Давно «сидит» на Шипке Панас Половинка, сам диву дается, что еще дышит, переставляет ноги, может держать в руках ружье. Рядом с ним умирали куда более сильные, чем он. А он жив. Появись в родной хате — мать наверняка не признала бы: глаза слезящиеся, с красными белками, вечно полузакрытые — от дыма костров, от блеска снега, от бессонницы. Забыл, когда мог прикорнуть час-другой. Лицо черное и блестящее: такими рисуют чертей на картинах страшного суда. Волосы стали пепельными, их словно присыпали золой. На ногах рваные опан-цы, ноги для сохранения тепла завернуты в дубовые листья. Сапоги он давно истаскал по этим острым камням, а если бы и не износил, все равно пришлось бы бросить: ноги опухли и стали толще чуть ли не в два раза. Шинель это уже не шинель, а повисшие вдоль туловища рваные тряпки, схваченные на живую нитку. К тому же местами прожженные. Пана-су всегда хочется, когда он видит костер, не придвинуться, а влезть в огонь и немного, совсем немного прогреть окоченевшие внутренности — они ему представляются такими же холодными и потрескавшимися, как пальцы на руках. Нижнего белья у Панаса нет, а шаровары и фуфайка истлели, и их продувает, как марлевый бинт. Вчера Панас сбросил суконные шаровары и заменил их полотняными — тепло то же, зато нет дыр. Рукавицы пригодны для осени, но не для зимы, и носит их Половинка лишь для того, чтобы не примерзали пальцы к металлическим частям винтовки. Из теплых вещей у него Только и есть, что башлык да Иванов шарфик, их пуще всего и бережет Панас.

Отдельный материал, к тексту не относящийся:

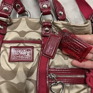 Coach Poppy Signature C Satchel Tote Bag Khaki With Red Accent F20101. Condition is Pre-owned - Good. Shipped with USPS Ground Advantage.

А сегодня злой дух на Шипке и вовсе разошелся: шквалистый ветер воет так, будто рядом остановились тысячи голодных, разъяренных волков. Снег несется с бешеной скоростью и залепляет усталые и больные глаза. Его намело много — на месте траншей он взметнулся саженными сугробами, похоронив под собой людей. Поручик Костров еще пробует шутить, но это смех сквозь слезы, и смеяться никому не хочется. Видно уж такая обязанность у командира: надо плакать, а ты шути и поднимай дух у других.
— Вже настав час и нам умирати, ваше благородие, — говорит Панас, прижимаясь к ротному.
— Не торопись, Половинка, еще есть время, — с трудом выговаривает Костров, и зубы у него дробно стучат.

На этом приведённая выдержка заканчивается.